▶ _The problem_: In the material below, find the line with "2005-2015年中國人口自然增長率變化趨勢圖" and the line with "ヴィンテージ ステンレススチールのアイスクリームクープとスプーンです。". Output exactly those two lines and all lines between them, leaving out pictures.

[Input records]

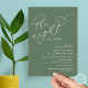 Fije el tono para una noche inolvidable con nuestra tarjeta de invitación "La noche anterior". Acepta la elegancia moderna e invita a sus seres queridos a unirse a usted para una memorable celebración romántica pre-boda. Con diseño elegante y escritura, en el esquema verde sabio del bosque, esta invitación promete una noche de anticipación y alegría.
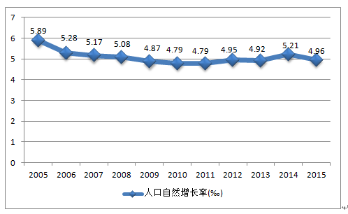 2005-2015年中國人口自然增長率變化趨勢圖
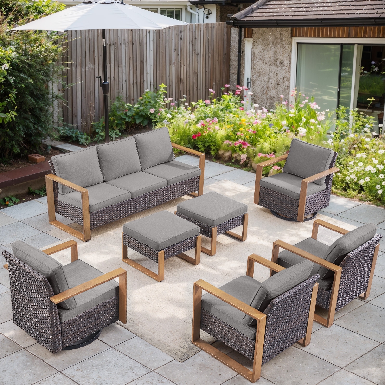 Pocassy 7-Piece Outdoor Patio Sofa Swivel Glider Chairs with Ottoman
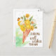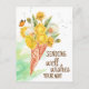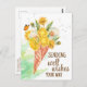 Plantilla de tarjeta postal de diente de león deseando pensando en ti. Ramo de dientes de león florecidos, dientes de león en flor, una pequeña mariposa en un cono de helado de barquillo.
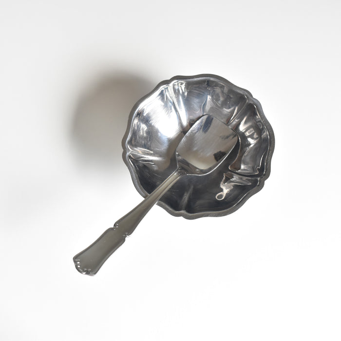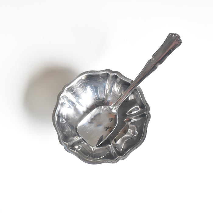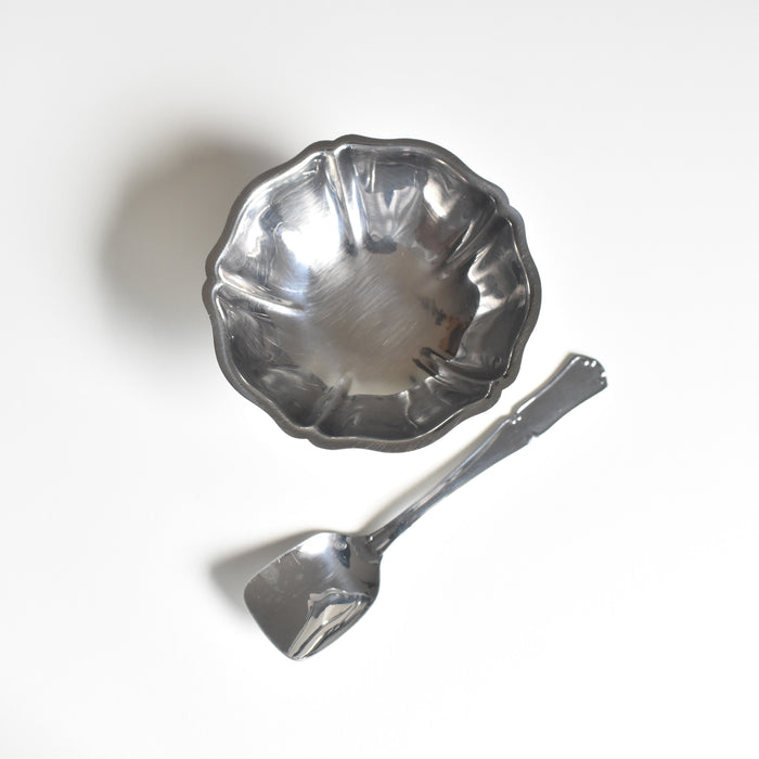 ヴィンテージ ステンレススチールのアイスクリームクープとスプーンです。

[/Input records]
[Input records]

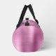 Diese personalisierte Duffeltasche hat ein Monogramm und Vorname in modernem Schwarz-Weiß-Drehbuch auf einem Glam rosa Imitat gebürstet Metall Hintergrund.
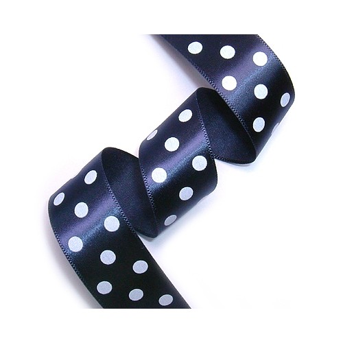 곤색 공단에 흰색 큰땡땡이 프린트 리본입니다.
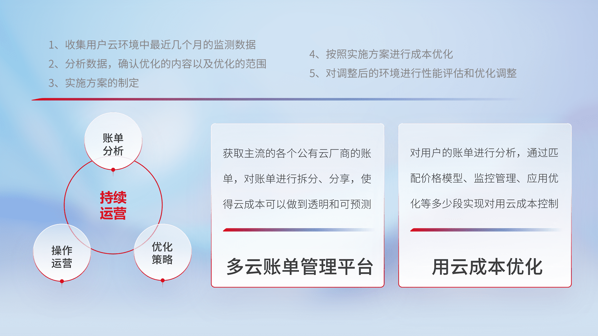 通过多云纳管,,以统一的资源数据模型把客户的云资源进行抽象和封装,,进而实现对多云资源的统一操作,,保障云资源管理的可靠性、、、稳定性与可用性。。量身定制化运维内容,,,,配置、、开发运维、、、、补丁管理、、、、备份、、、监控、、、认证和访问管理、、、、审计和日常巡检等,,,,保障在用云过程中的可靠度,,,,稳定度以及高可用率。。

[/Input records]

▶ _Solution for this problem_:
 2005-2015年中國人口自然增長率變化趨勢圖
 Pocassy 7-Piece Outdoor Patio Sofa Swivel Glider Chairs with Ottoman
 Plantilla de tarjeta postal de diente de león deseando pensando en ti. Ramo de dientes de león florecidos, dientes de león en flor, una pequeña mariposa en un cono de helado de barquillo.
 ヴィンテージ ステンレススチールのアイスクリームクープとスプーンです。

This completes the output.